Included here are 500 random images from our Training dataset:

https://www.dropbox.com/sh/wsxpcjcr0f4exg4/AAC8yyF0Q8qFHLmvw07QlAcUa?dl=0


The challenge is specifically as follows:
- Estimate the average diameter (in pixels) of both a) the pupil and b) the iris in each image.
- Alternatively, you can treat these objects as ellipses and estimate the major and minor axes.
- Train a deep learning model with these images and demonstrate the model’s performance on the testing images provided in the link.
- The same approach must be applied to each image.
- You may choose to implement any state-of-the-art model and may also use pre-trained weights to speed up the training process.
- We are interested in seeing how different your approach is from an existing off-the-shelf model, catering to our problem.
- We will go through the code to understand your implementation in depth and to get a sense of your coding style.
- The challenge will be assessed by maximizing accuracy of the inferred diameter across the provided testing images.
- Due: Within 7 days from this email.


### Notes:
The provided mask images contain 3 channels. You may select any channel to access pupil and iris co-ordinates. In any selected channel, pixel values with '0' correspond to the background class, pixels with value '1' correspond to the pupil and '2' refers to the iris class.

### Metrics to implement (6 in total):

• Mean % Pupil diameter error = Absolute(Predicted_pupil_diameter – Groundtruth_pupil_diameter) / Groundtruth_pupil_diameter * 100
[2 in total: using radiusY and radius for the pupil]

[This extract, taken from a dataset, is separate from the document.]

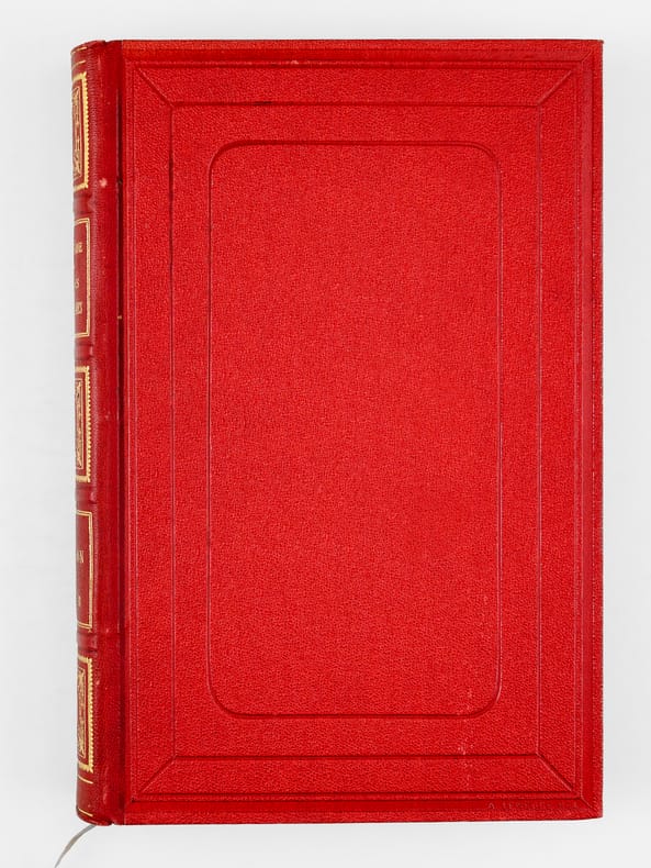 Dessins par Benett, 1 vol. in-8 reliure de l'époque demi-chagrin rouge dite « aux fers de lance » (ou « harpons » ou "reliure à la lancette"), dos à 4 nerfs orné, toutes tranches dorées, reliure signée de A. Lenègre, Collection Hetzel, Coll. Les Voyages Extraordinaires, Bibliothèque d'Education et de Récréation, J. Hetzel et Cie, Paris, s.d. [ 1893 ], 398 pp. et 1 f., et 4 ff. (Catalogue GU)

• Mean % Iris diameter error = Absolute(Predicted_iris_diameter – Groundtruth_iris_diameter) / Groundtruth_iris_diameter * 100
[2 in total: using radiusY and radius for the iris]

• Mean Pupil IoU (0 to 1)

• Mean Iris IoU (0 to 1)

An example of a cropped eye image and its’ corresponding segmentation mask is shown below.

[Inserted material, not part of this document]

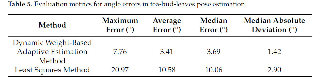 В этом разделе мы провели эксперименты, используя предложенный метод адаптивной оценки на основе динамических весов и метод наименьших квадратов для оценки позы чайных почек. Рисунок 10 и Таблица 5 отображают сравнение угловых ошибок между двумя методами. Метод адаптивной оценки на основе динамических весов, предложенный в этом исследовании, привел к максимальной ошибке 7,76° и средней ошибке 3,41°, тогда как метод наименьших квадратов дал максимальную ошибку 20,97° и среднюю ошибку 10,58°. Максимальная ошибка была снижена на 67,77%, а средняя ошибка уменьшилась на 81,53%. Эти сокращения как максимальной, так и средней ошибок эффективно демонстрируют значительное преимущество метода адаптивной оценки с динамическими весами в общей точности оценки. Более того, этот метод показывает лучшую стабильность и надежность в сложной, неструктурированной среде чайного сада. Чтобы минимизировать влияние данных-выбросов, также использовались медианная ошибка и медианное абсолютное отклонение для оценки. Метод адаптивной оценки на основе динамических весов дал медианную ошибку 3,69° и медианное абсолютное отклонение 1,42°, тогда как метод наименьших квадратов привел к медианной ошибке 10,06° и медианному абсолютному отклонению 2,90°. Эти результаты дополнительно подчеркивают высокую эффективность предложенного метода в задачах оценки позы чайных почек.

##  Submission should include a zip file containing the following:

1. Well-commented Python script file or Jupyter Notebook file(.py or .ipynb)
2. If using just a Python script file (.py), please include a document (.docx or .pdf) explaining your approach in brief
3. Please mention your reasoning for different decisions you made in the code comments or the attached document
4. You may use any DL framework from Keras/Tensorflow/PyTorch, although we would prefer PyTorch
5. Trained weights of the model architecture you used/implemented
6. Evaluation code to easily test out the trained model on our internal testing dataset
7. Metric results of your code on the provided testing set

PS: If the size of the zip file is larger than the allowable size limit on DropBox, please upload your submission in a shareable folder and attach the link to your code + model into the document attached to the response.

In [None]:
!pip install git+https://github.com/qubvel/segmentation_models.pytorch

In [None]:
import torch
import cv2
from pathlib import Path
from torch.utils import data
import time

from __future__ import print_function, division
import os
import torch
import pandas as pd

import numpy as np
import matplotlib.pyplot as plt
import segmentation_models_pytorch as smp

from torchvision import transforms, utils

# Ignore warnings
import warnings
warnings.filterwarnings("ignore")

plt.ion()   # interactive mode
proj_path = Path('/content/drive/MyDrive/Colab Notebooks/Code Tasks/Segmentation')

In [None]:
# create fake test data
x = np.random.randint(0, 256, size=(128, 128, 3), dtype=np.uint8)
y = np.random.randint(0, 1, size=(128, 128), dtype=np.uint8)
cv2.imwrite(str(proj_path/"Sample Data"/"img_x.png"), x)
cv2.imwrite(str(proj_path/"Sample Data"/"mask_y.png"), y)

True

In [None]:
class dataset_segmentation(data.Dataset):
    """Image segmentation dataset with caching, pretransforms and multiprocessing. Output is a dict."""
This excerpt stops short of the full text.